§ Action item: Copy every line below where the string "Daniel" is found.

§ Items listed in a dataset:
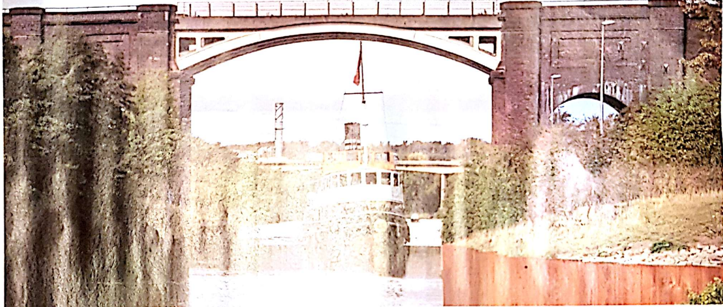
SS Daniel Adamson on the Weaver Navigation passes under the Warrington to Chester railway line at Sutton Weaver, en route from Ellesmere Port to Acton Bridge on September 30, 2016.

FOLLOWING months preparing for an important MCA (Maritime & Coastguard Agency) certification the 1903 Daniel Adamson steam ship has now passed and as a celebration was able to cruise with passengers along the River Weaver, which has been enabled through the work of the Canal & River Trust.
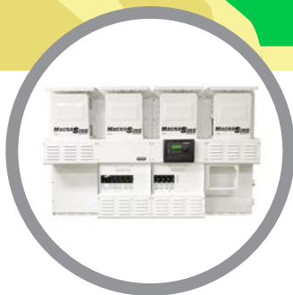
Magnum Energy MPDH Panel and four MS-PAE Inverter/Chargers
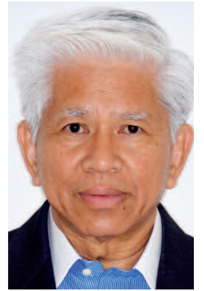
Prof. Prathip Phantumvanit, Thailand

Fluorescence) in order to detect mineral loss in enamel, as well as follow-up strategies, such as remineralisation and the use of sealant. Moreover, the visual FDI Caries Matrix, in terms of non-cavitated and cavitated lesions in enamel and dentine, has been proposed as a caries index for timely prevention and treatment. This early detection and diagnosis of dental caries will lead to proper prevention and control of caries before the development of a cavity, which can then only be treated.
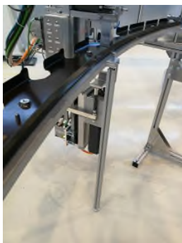
Figure 3 | Caption

Aircraft fuselage of the future: The Clean Sky 2 Multifunctional Fuselage Demonstrator (MFFD) in detail. It is currently being realized at Fraunhofer at the Research Center CFK NORD in Stade on a 1:1 scale with project partners.
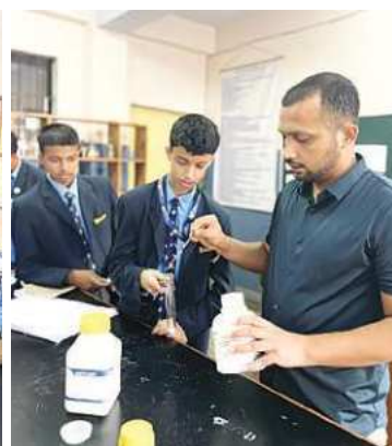
SCIENCE CLASSES ARE EVEN MORE LIVELY WHEN STUDENTS SEE AND LEARN WITH THEIR TEACHER
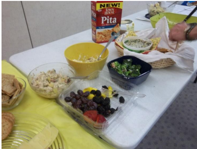
Everybody brought healthier foods, not a bar or cookie in sight. All salads and veggies!!!

Answer to what do they have in common-they all use baskets one way or another, but you knew that already.
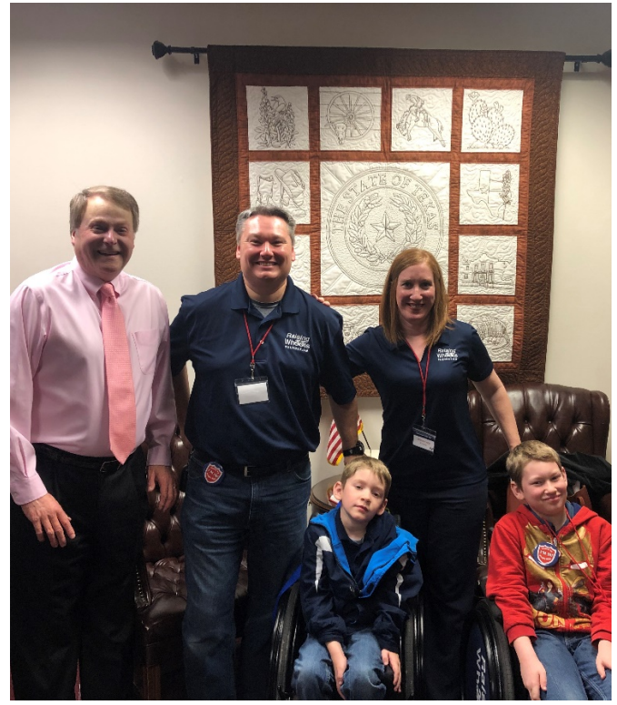
Meeting with the Copp family from Waco discussing the unique challenges of families with special needs children.

§ The answer:
SS Daniel Adamson on the Weaver Navigation passes under the Warrington to Chester railway line at Sutton Weaver, en route from Ellesmere Port to Acton Bridge on September 30, 2016.
FOLLOWING months preparing for an important MCA (Maritime & Coastguard Agency) certification the 1903 Daniel Adamson steam ship has now passed and as a celebration was able to cruise with passengers along the River Weaver, which has been enabled through the work of the Canal & River Trust.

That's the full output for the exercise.